Brzeski adds that "pushing it from one to another and back is kind of a multiplier effect", but notes that governments held underlying assets and their economies generated value that underpinned the process. "It only works if the underlying fundamentals are healthy," he cautions. "Otherwise it just goes up in smoke."
It takes no great expertise, however, to realise that the "underlying fundamentals" are very far from healthy, a point reinforced by the New York Times.
This paper tells us that, while foreign banks and other financial companies have lent $2.6 trillion to public and private institutions in Greece, Spain and Portugal, no one - not investors, not regulators, not even bankers themselves - knows exactly which banks are sitting on the biggest stockpiles of rotting loans within that pile.
With this in mind, the FSA has asked UK banks to model a number of disaster scenarios, including Greece defaulting on its loans. Analysts estimate that British banks have a total exposure of more than £100 billion to Greece, Portugal and Spain.

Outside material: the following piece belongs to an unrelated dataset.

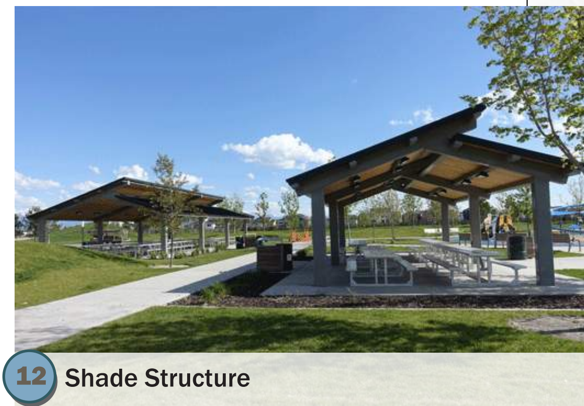
12 Shade Structure

The situation gets even more murkier when, as Spiegel reports, the ECB has been buying up Greek bonds by the bucketload, even though Athens is already getting money from the rescue funds set up to bail it out. German central bankers, we are told, suspect a French plot behind the massive buy-up - giving French banks the perfect opportunity to get rid of their Greek assets.
Small wonder Václav Klaus was recently telling the Wall Street Journal that the eurozone has failed and Richard Woolnough, M&G Optimal Income Fund Manager, was in The Daily Telegraph asserting that "the possible demise of the euro is now very much up for debate."
The debate may well erupt this week as Belgium, Holland, Austria, Portugal, Spain and Italy collectively test market confidence this week when they try to borrow a total of €20 billion on the bond market. However, with Reuters suggesting that the euro will be down to $1.17 by the end of the month, it does not seem as if the single currency will be collapsing this week.
How much longer Greece will still be on board is another question.